What is being asked:
Without any images, write the data out exactly as it appears.
:: Collected material ::
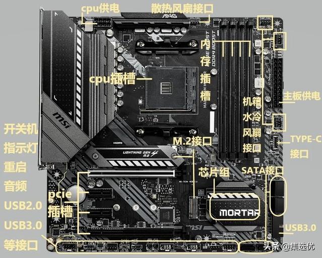 CPU插座、内存插槽、显卡插槽、M.2插槽、SATA插槽、其他PCIE插槽、风扇接口。
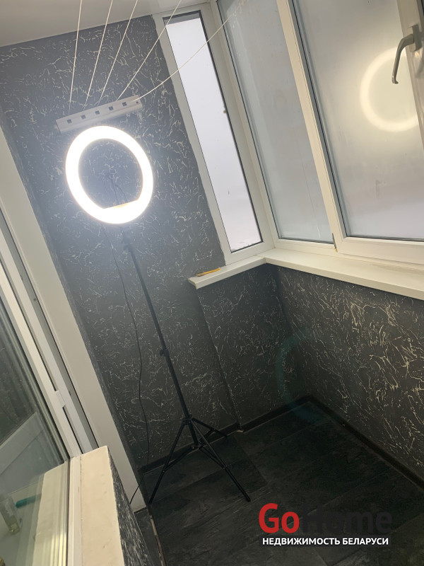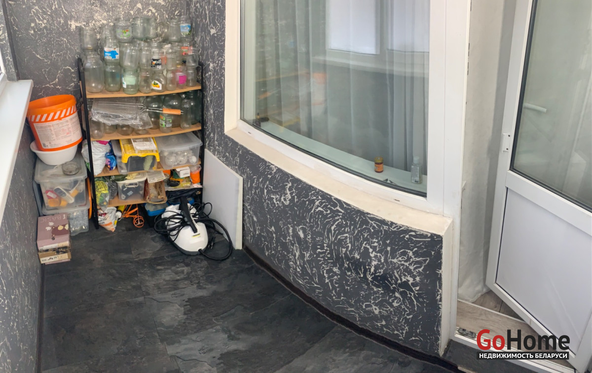 Лоджия утеплена (поло, стены) пеноплексом, оштукатурена, установлены однокамерные стеклопакеты, уложен ламинат
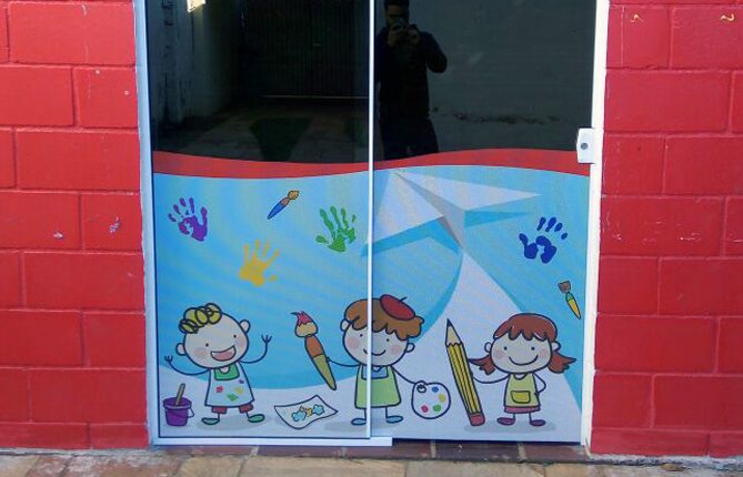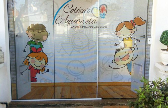 Adesivo Perfurado Porta – Colégio Aquarela
:::
Output:
 CPU插座、内存插槽、显卡插槽、M.2插槽、SATA插槽、其他PCIE插槽、风扇接口。
 Лоджия утеплена (поло, стены) пеноплексом, оштукатурена, установлены однокамерные стеклопакеты, уложен ламинат
 Adesivo Perfurado Porta – Colégio Aquarela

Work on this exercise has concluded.